Bij overmacht zijn de contractspartijen in principe voor de toekomst bevrijd van hun contractuele verplichtingen. Wat de gevolgen zijn voor de prestaties die de partijen vóór het ontstaan van de situatie van overmacht geleverd hebben is minder duidelijk. Veel gezaghebbende auteurs over het onderwerp van overmacht blijven over dit thema opvallend stil. Sommige rechtsleer stelt echter wel dat de contractspartijen de vergoeding die hij reeds heeft ontvangen voor een verbintenis die onmogelijk geworden is door overmacht (dus de vergoeding met het oog op de toekomstige uitvoering van de overeenkomst) moet teruggeven op grond van het algemeen rechtsbeginsel van de “verrijking zonder oorzaak.” Deze rechtsleer vindt navolging in de lagere rechtspraak.

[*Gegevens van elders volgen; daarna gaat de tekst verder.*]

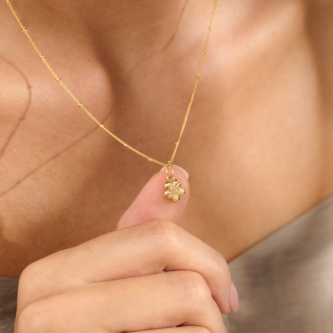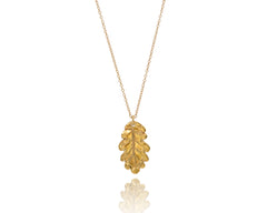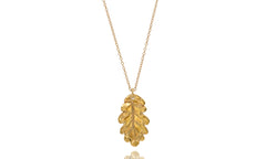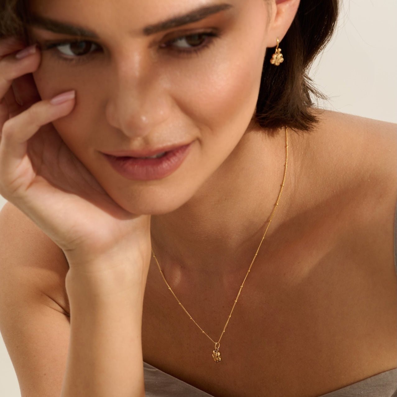 model wearing 18ct gold vermeil four-leaf clover bracelet and gold baby oak leaf pendant necklace by Iris & Lolli

Afwijken in de overeenkomst is mogelijk
De bovenstaande principes zijn van aanvullend recht. Contractspartijen kunnen bij overeenkomst afwijken van deze principes. Zo kunnen contractspartijen bijvoorbeeld bepalen welke situaties als overmacht aangezien worden of wat de gevolgen hiervan zullen zijn voor de verdere uitvoering van de overeenkomst.

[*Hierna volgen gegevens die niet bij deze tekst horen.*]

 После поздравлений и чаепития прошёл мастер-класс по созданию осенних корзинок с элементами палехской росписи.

Toepassing in het algemeen
Het toepassen van deze principes is een complexe oefening die een grondig onderzoek van de feiten vraagt.
In eerste instantie zal een contractspartij moeten nagaan door welk nationaal recht zijn overeenkomst beheerst wordt. Wanneer buitenlands recht van toepassing is, zal de vraag of er sprake is van overmacht en wat de gevolgen hiervan zijn, mogelijk anders beoordeeld worden dan in België. Veel van de ons omringende rechtssystemen voorzien bijvoorbeeld wel in de toepassing van de imprevisieleer.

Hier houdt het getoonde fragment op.